There is a 90% chance we'll also be going to Venice. I'm all for looking at beautiful buildings and scenery....but my style is more hiking or visiting a small farm (and with DH busy all day at work....) We'll take a train from Wroclaw to Venice - through the Czech Republic and Austria. I'm pretty excited. I'm scared to death! But mostly I'm excited. I'd better get busy.


----------



## Miz Mary (Feb 15, 2003)

HOW EXCITING !!!!!! I'm Polish even ! I'd look into maybe spindles made in Poland ...small for travelling !! Drop spindles/ support spindles ...........cant wait for pics of your trip !


----------



## Callieslamb (Feb 27, 2007)

I've never used a spindle.....but I'm sure they are beautiful. I looked at a yarn store- they mostly have American yarns.

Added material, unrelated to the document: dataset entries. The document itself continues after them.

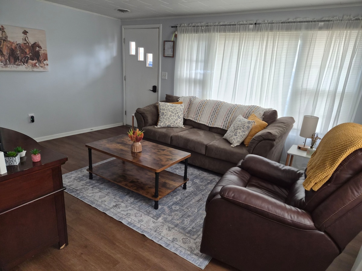 Forget your worries in this spacious and serene home located just a quick drive from Hamilton’s quaint downtown. Whether you’re visiting family, shopping at Missouri Star Quilt Company, or attending a wedding at The Pearl, you’re sure to find everything you need for a wonderful stay. This newly remodeled home features a primary queen bedroom, a second bedroom with two twin beds, a spacious bathroom, fully stocked kitchen, and ample living and dining space. You’ll feel right at home!
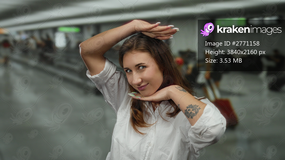 Young woman smiling making frame gesture with hands in bustling airport terminal surrounded by travelers and suitcases showcasing vibrant tattoo and casual fashion indoors - Kraken Images
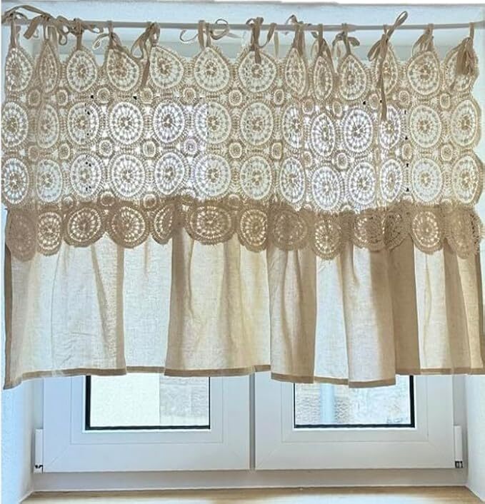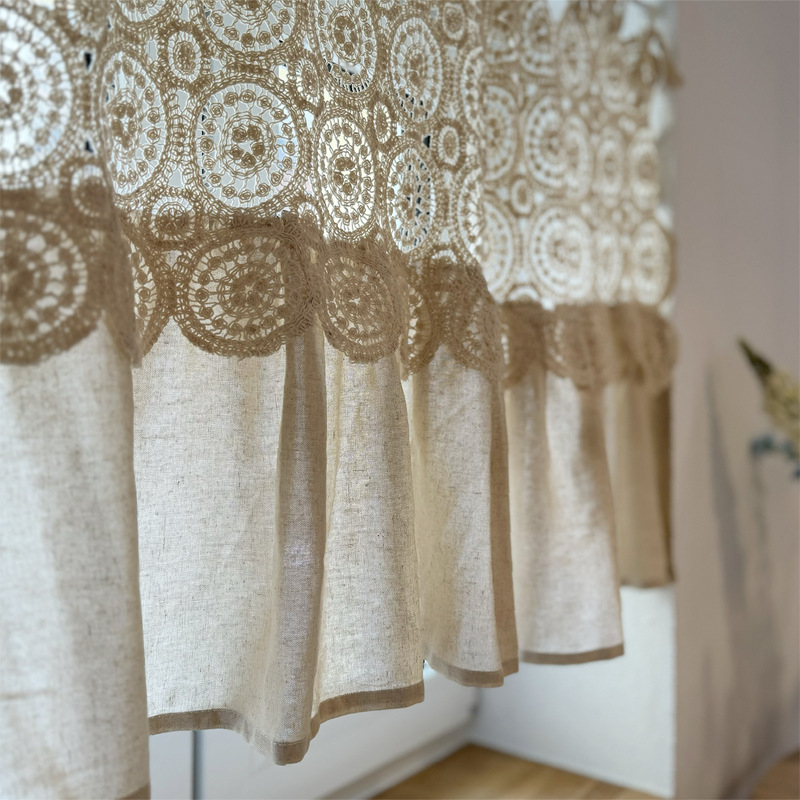• 生成りの糸で編み上げた高級感のあるカフェカーテン。

I'm sure we'll have a great time.


----------



## SvenskaFlicka (Nov 2, 2011)

I hope you get your passport renewed easily! It took me about 6 weeks to get mine initially.


----------



## Wind in Her Hair (Jul 18, 2002)

oh my goodness - what great fortune!!!!

I suppose I would be looking for "littles" that could pack easily - shawl pins, dizzes, knitting needles made locally, or an exquisite handknit shawl. 

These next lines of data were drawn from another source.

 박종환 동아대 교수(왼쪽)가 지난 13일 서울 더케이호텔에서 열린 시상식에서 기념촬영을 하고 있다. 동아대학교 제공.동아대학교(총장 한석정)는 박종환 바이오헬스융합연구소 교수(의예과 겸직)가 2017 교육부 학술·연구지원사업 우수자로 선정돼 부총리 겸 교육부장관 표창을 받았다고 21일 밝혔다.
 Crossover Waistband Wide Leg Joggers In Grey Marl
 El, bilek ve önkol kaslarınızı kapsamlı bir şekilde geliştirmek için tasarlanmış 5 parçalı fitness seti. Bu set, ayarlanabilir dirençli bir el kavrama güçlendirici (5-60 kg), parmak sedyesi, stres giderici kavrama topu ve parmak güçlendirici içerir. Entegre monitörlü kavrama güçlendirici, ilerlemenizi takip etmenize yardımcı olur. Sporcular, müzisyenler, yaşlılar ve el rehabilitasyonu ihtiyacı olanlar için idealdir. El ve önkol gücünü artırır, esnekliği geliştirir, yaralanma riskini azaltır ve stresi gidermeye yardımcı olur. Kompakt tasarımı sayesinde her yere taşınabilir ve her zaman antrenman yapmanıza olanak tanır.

Have you CZECHed on ravelry for groups there? :hysterical:

Maybe a local would be the best source to help you! Go to "Groups" and put Poland, Polish, Czech Republic, Venice, etc in the search field s and find actual fiber people to guide you!


----------



## BlueberryChick (May 12, 2008)

How fun!

Aren't Kromski wheels made in Poland? 

Have a great trip!


----------



## Pearl B (Sep 27, 2008)

Have a great trip!!

If it was me I would get as many spinning wheels as I could & pack that plane up!! :hysterical::hysterical::sing:


----------



## Maura (Jun 6, 2004)

A cashmere shawl. Kromski spinning wheels are made in Wolsztyn Poland. Maybe you could get a tour of their factory.


----------



## Callieslamb (Feb 27, 2007)

SvenskaFlicka said:


> I hope you get your passport renewed easily! It took me about 6 weeks to get mine initially.


I am paying a tidy sum to get mine renewed in 3 days...



Wind in Her Hair said:


> oh my goodness - what great fortune!!!!
> 
> I suppose I would be looking for "littles" that could pack easily - shawl pins, dizzes, knitting needles made locally, or an exquisite handknit shawl.
> 
> ...


Too funny WIHH. I actually found a group that meets in the town 
where we wil lbe staying. I contacted them but who knows if it will get translated or not. Hopefully, they will meet while I am there. Then I can watch and see some traditional Polish knitting- which is what this group is trying to preserve.



BlueberryChick said:


> How fun!
> Aren't Kromski wheels made in Poland?  Have a great trip!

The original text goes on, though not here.